The first step in ordering an SSL certificate is generating a Certificate Signing Request. This is very easy to do in IIS7 using the following instructions.
- Click on the Start menu, go to Administrative Tools, and
click on Internet Information Services (IIS) Manager.
- Click on the name of the server in the Connections column on the left.
Double-click on Server Certificates.
- In the Actions column on the right, click on Create Certificate
Request...
- Enter all of the following information about your company and the domain you
are securing and then click Next.
Name
Explanation
Examples
Common Name
The fully qualified domain name (FQDN) of your server. This must match exactly what you type in your web browser or you will receive a name mismatch error.
*.google.com
mail.google.com
Organization
The legal name of your organization. This should not be abbreviated and should include suffixes such as Inc, Corp, or LLC.
Google Inc.
Organizational Unit
The division of your organization handling the certificate. (Most CAs don't validate this field)
IT
Web
City/Locality
The city where your organization is located.
Mountain View
State/province
The state/region where your organization is located. This shouldn't be abbreviated.
California
Country/Region
The two-letter ISO code for the country where your organization is location.
US
GB
- Leave the default Cryptographic Service Provider. Increase the Bit length to
2048 bit or higher. ClickNext.
- Click the button with the three dots and enter a location and filename where you want to save the CSR file. Click Finish.
Install the Certificate
To install your newly acquired SSL certificate in IIS 7, first copy the file somewhere on the server and then follow these instructions:- Click on the Start menu, go to Administrative Tools, and click on Internet Information Services (IIS) Manager.
- Click on the name of the server in the Connections column on the left.
Double-click on Server Certificates.
- In the Actions column on the right, click on Complete Certificate
Request...
- Click the button with the three dots and select the server certificate that
you received from the certificate authority. If the certificate doesn't have a
.cer file extension, select to view all types. Enter any friendly name you want
so you can keep track of the certificate on this server. Click
OK.
- If successful, you will see your newly installed certificate in the list. If you receive an error stating that the request or private key cannot be found, make sure you are using the correct certificate and that you are installing it to the same server that you generated the CSR on. If you are sure of those two things, you may just need to create a new Certificate Request and reissue/replace the certificate. Contact your certificate authority if you have problems with this.
STEP- 2
Bind the Certificate to a website
- In the Connections column on the left, expand the sites folder and click on
the website that you want to bind the certificate to. Click on
Bindings... in the right column.
- Click on the Add... button.
- Change the Type to https and then select the SSL
certificate that you just installed. Click OK.
- You will now see the binding for port 443 listed. Click Close.
Install any Intermediate Certificates
STEP :3if you Have multiple Web server then Please follow the below instructions
Exporting/Backing Up to a .pfx File
- On the Start menu click Run and then type mmc.
- Click File > Add/Remove Snap-in.
- Click Certificates > Add.
- Select Computer Account and then click Next. Select Local Computer and then click Finish. Then close the add standalone snap-in window and the add/remove snap-in window.
- Click the + to expand the certificates (local computer) console tree and look for the personal directory/folder.
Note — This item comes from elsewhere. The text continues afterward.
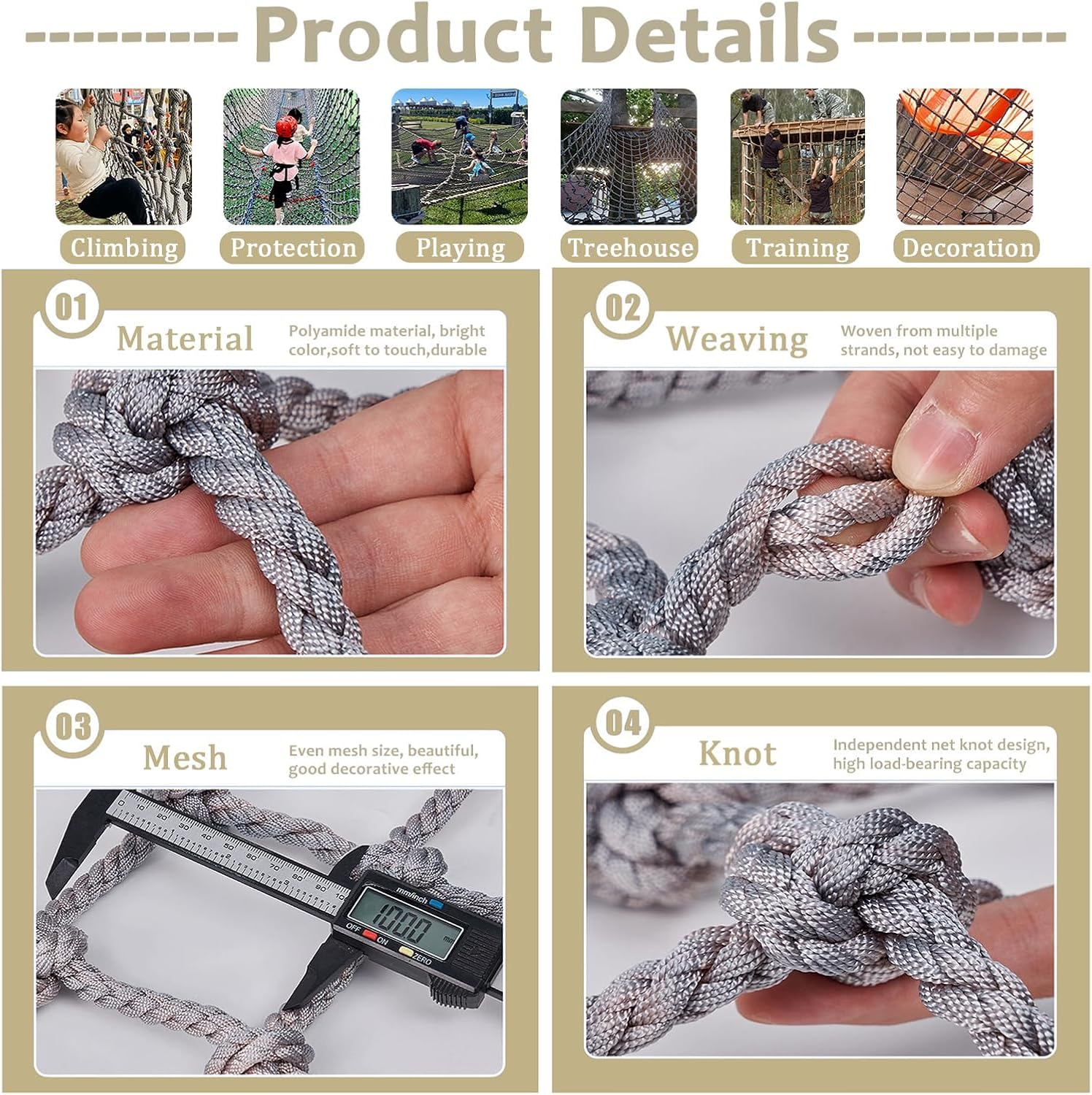 Rete in corda multiuso per arrampicata: questa robusta rete in corda è ideale per le impalcature del parco giochi e offre un'esperienza di arrampicata sicura per bambini e adulti. Promuove l'attività fisica e la coordinazione e può essere utilizzato in diverse aree esterne tra cui giardini e parchi. Incoraggia il gioco attivo con questo accessorio essenziale per l'arrampicata! Migliora le tue avventure con la nostra rete da arrampicata all'aperto con una spaziatura della griglia di 10 cm e un robusto diametro della corda di 12 mm. Disponibile in lunghezze da 1,0 a 4,0 metri e una larghezza di 1,0 metri, questa rete versatile è perfetta per bambini e adulti. Ideale per l'arrampicata, garantisce sicurezza e stabilità in tutte le tue attività outdoor. Personalizzazione: scegli tra diverse dimensioni di rete in corda tra cui spessore della corda, diametro della maglia e lunghezza*larghezza per soddisfare le tue esigenze specifiche. Questa robusta rete è ideale per attività all'aperto, arrampicata e aree gioco, offrendo versatilità e sicurezza per varie applicazioni. Perfetto per abbellire il vostro giardino o parco giochi. Nodi stabili della corda della rete da arrampicata: intrecciati a mano, con nodi più belli, più forti e più sicuri sulla connessione in rete, in modo da poter arrampicarsi meglio senza scivolare e godersi il divertimento dell'arrampicata. Personalizzazione: tutte le altre dimensioni della rete in corda, come spessore della corda, dimensione della maglia, lunghezza*larghezza, sono disponibili tra cui scegliere

Expand the certificates folder.
- Right-click on the certificate you want to backup and select ALL TASKS > Export.
- Choose Yes, export the private key and include all certificates in
certificate path if possible.
Warning: Do not select the delete private key option. - Leave the default settings and then enter your password if required.
- Choose to save the file and then click Finish. You should receive an "export successful" message. The .pfx file is now saved to the location you selected.
- On the Start menu click Run and then type mmc.
- Click File > Add/Remove Snap-in.
- Click Certificates > Add.
- Select Computer Account and then click Next. Select Local Computer and then click Finish. Then close the add standalone snap-in window and the add/remove snap-in window.
- Click the + to expand the certificates (local computer) console tree and look for the personal directory/folder. Expand the certificates folder.
- Right-click on the certificate you want to backup and select ALL TASKS > Import.
- Follow the certificate import wizard to import your primary certificate from the .pfx file. When prompted, choose to automatically place the certificates in the certificate stores based on the type of the certificate.
Note
Most SSL providers issue server certificates off of an Intermediate certificate so you will need to install this Intermediate certificate to the server as well or your visitors will receive a Certificate Not Trusted Error. You can install each Intermediate certificate (sometimes there is more than one) using these instructions:
- Download the intermediate certificate to a folder on the server.
- Double click the certificate to open the certificate details.
- At the bottom of the General tab, click the Install
Certificate button to start the certificate import wizard. Click
Next.
- Select Place all certificates in the following store and
click Browse.
- Check the Show physical stores checkbox, then expand the Intermediate Certification Authorities folder, select the Local Computer folder beneath it. Click OK. Click Next, then Finishto finish installing the intermediate certificate.